The hospital was a coin. There were two sides to it. In front of family and friends, doctors would issue concerned nods, studiously read charts. Nurses would be jolly and sweet, never in a rush. There was a sense of calm and of community.
The flip side, when the doors were locked and the staff went unseen by those beyond their number, was of a curious form of discipline. Didn’t want to take your medication? Privileges were withdrawn, such as your choice of food, clean clothes, and privacy while using the bathroom. Get frustrated and show your temper? That was more serious. There were ways of giving sedative injections that were relatively painless, and alternative means designed to let you know you were having inches of surgical steel shoved into you. Decide not to comply with therapy? You’d be held down and stripped.
‘I learned fast. I watched. That’s all I could do, after all. Everything my brain did was input while it couldn’t output.’ She sighed and stretched her arms above her head. ‘My recovery wasn’t going as fast as Dr Webster had promised my grandmother, and he was concerned that I was making him look foolish, so he chose shock tactics. One day, he had a male nurse come in and shave off all my hair. It was the only time I saw my mother really lose it when she visited. She was furious. They told her I’d stolen a razor and done it myself.’
Her hospital suite had comprised an uncomfortably thin mattress, a bedside table with no lock, a wardrobe with an open front, and a bathroom with a door that anyone could open any time. For her own safety, of course. Nothing sharp. Nothing heavy and blunt. Nothing she could ingest other than water. No media that might be upsetting. Decor in pastel colours that reminded her of old ladies’ hair. Food designed to be soft and slip down easily. She still couldn’t look at Jell-O. But what haunted her, and what had kept her alive, was her fellow patients. Studying them, knowing what would set them off and what would soothe them. Night-time in the teenage psychiatric ward was never a quiet event. It was as if the darkening was a trigger.

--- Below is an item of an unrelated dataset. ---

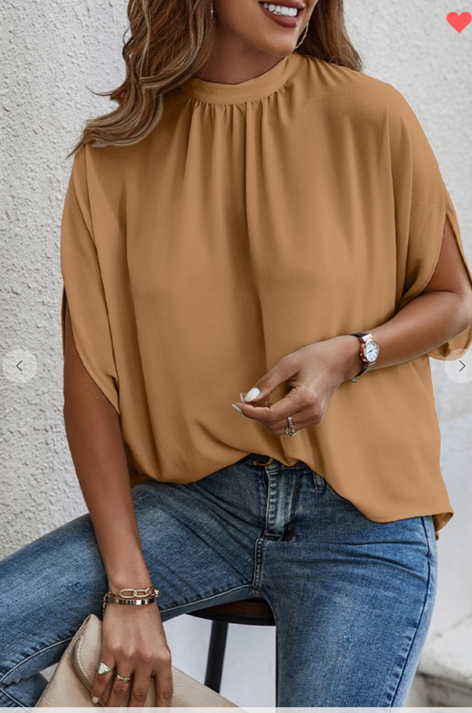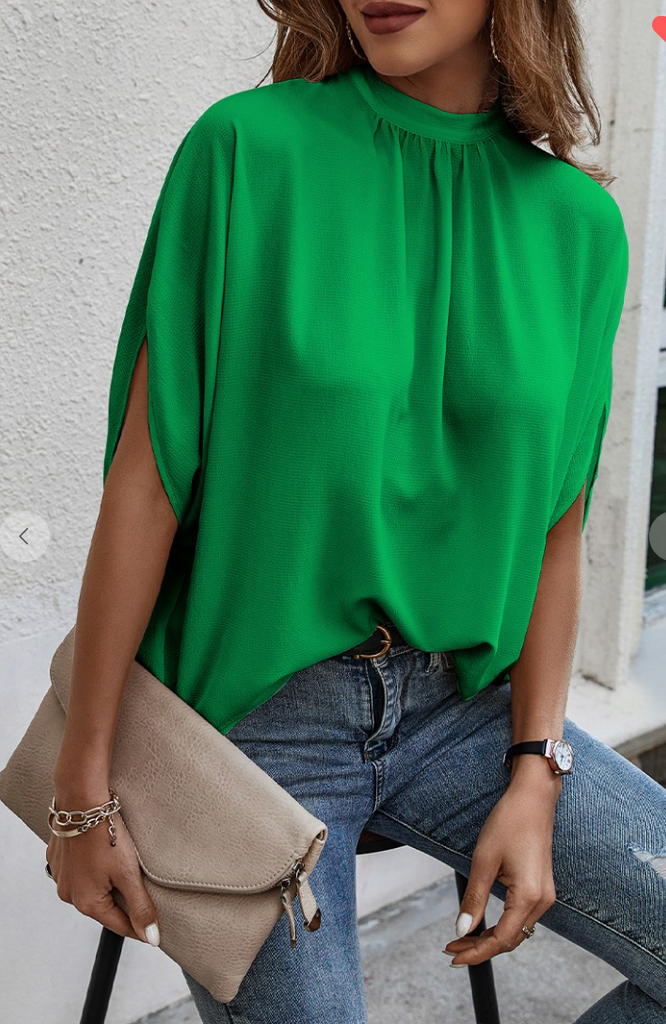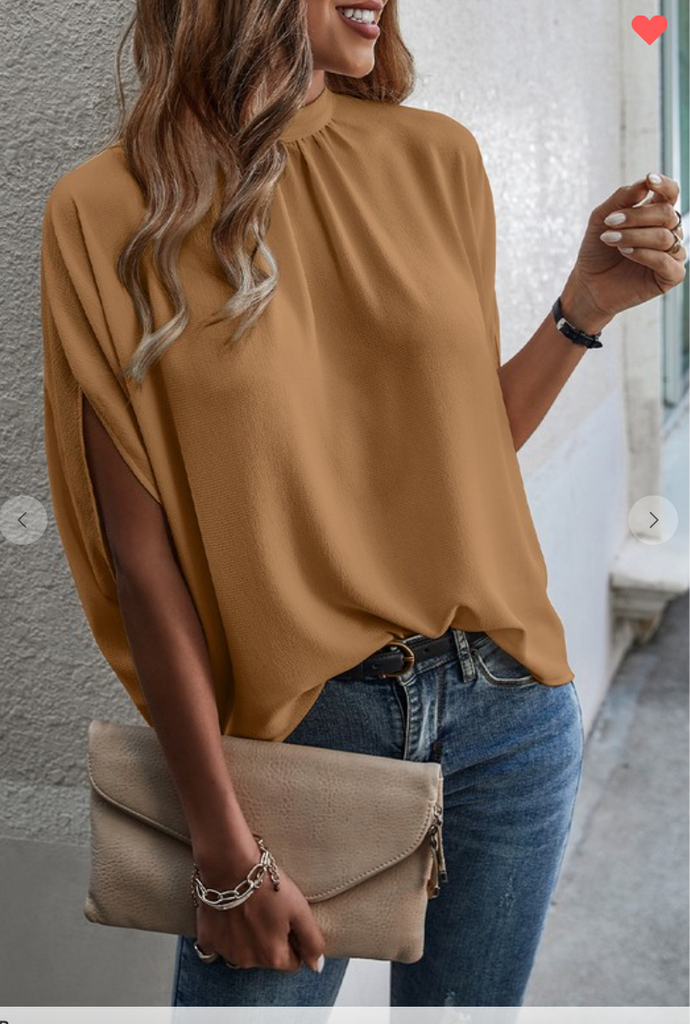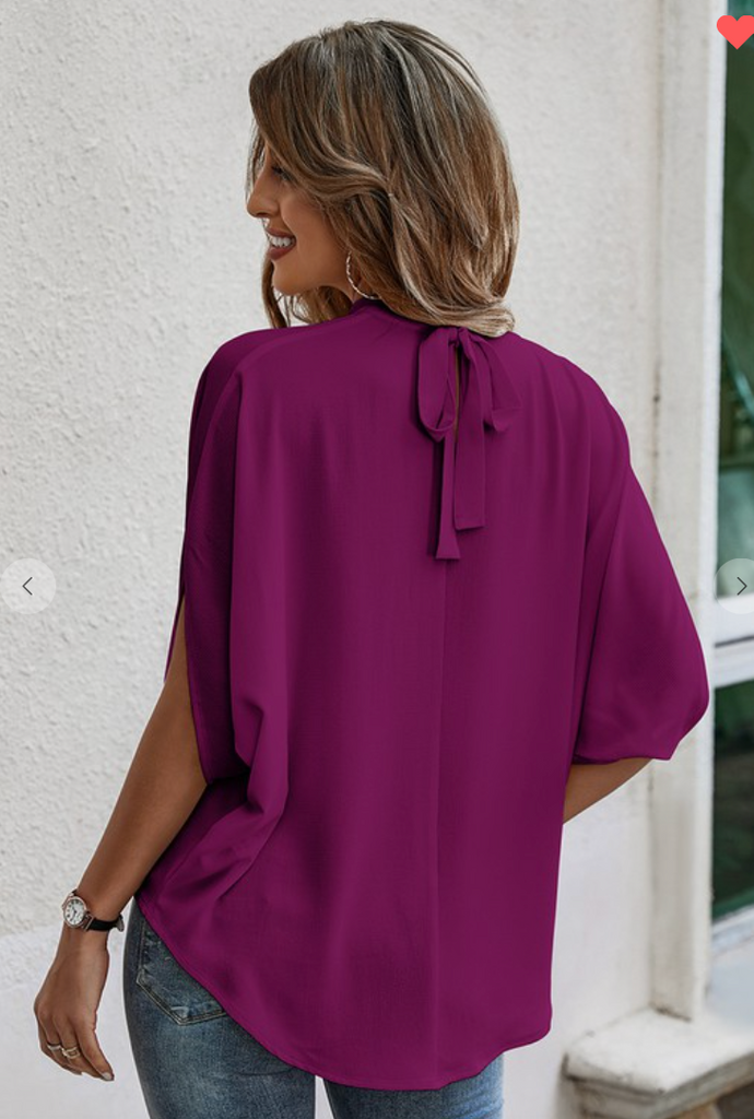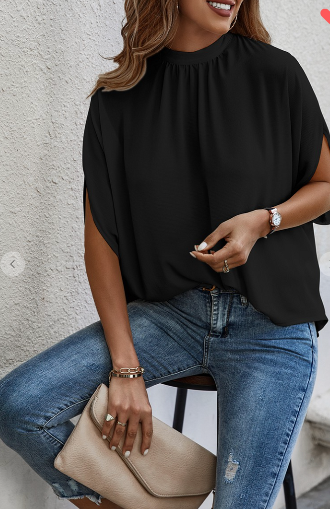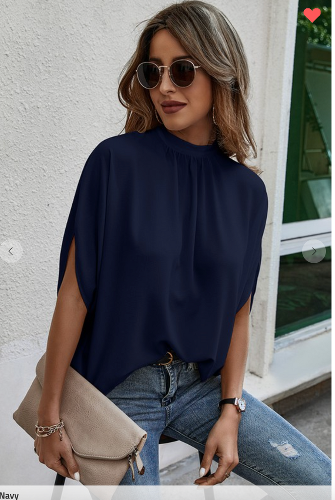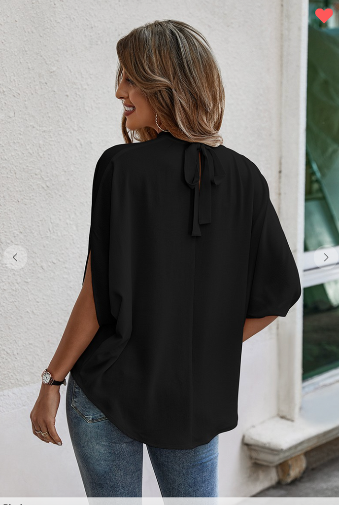 Our New Mock Neck, with cape half sleeve, loose fit and back tie will be just the thing you need! Wear now under a cardigan or jacket, and in the Spring pair with cute white jeans!

‘What struck me most was the people in my unit who shouldn’t have been there. Teenagers suffering from depression who simply needed a better form of care. Not that I was qualified then, but when you watch day and night, it becomes possible to identify the sad versus the mad and the bad. The issue was the few genuinely dangerous kids there whose parents had been able to divert them out of the criminal justice system, probably by making the sort of generous donations to the hospital my grandmother had. Kids who couldn’t be treated and who posed a lifelong risk to society.’
It had been a rude awakening, feeling the bouncing of her mattress as a fellow patient had sneaked into her room to stand on her bed. He’d found or fashioned a blade that flashed in the dim glow of the light from the corridor, and he was attempting to cut a section from her ceiling.
‘They’re coming,’ he’d told her. ‘They want me to give you to them. As a sample.’
Connie had attempted a scream. He’d dropped to his knees on her bed and shoved a sweaty palm over her mouth.
‘Don’t do that. Not that anyone will come. Someone brought in cakes for the night shift, and they’re all stuffing their faces in the staff room. My friends up there,’ he pointed at the space beyond the ceiling, ‘saw you. They chose you. They think you’ll taste nice.’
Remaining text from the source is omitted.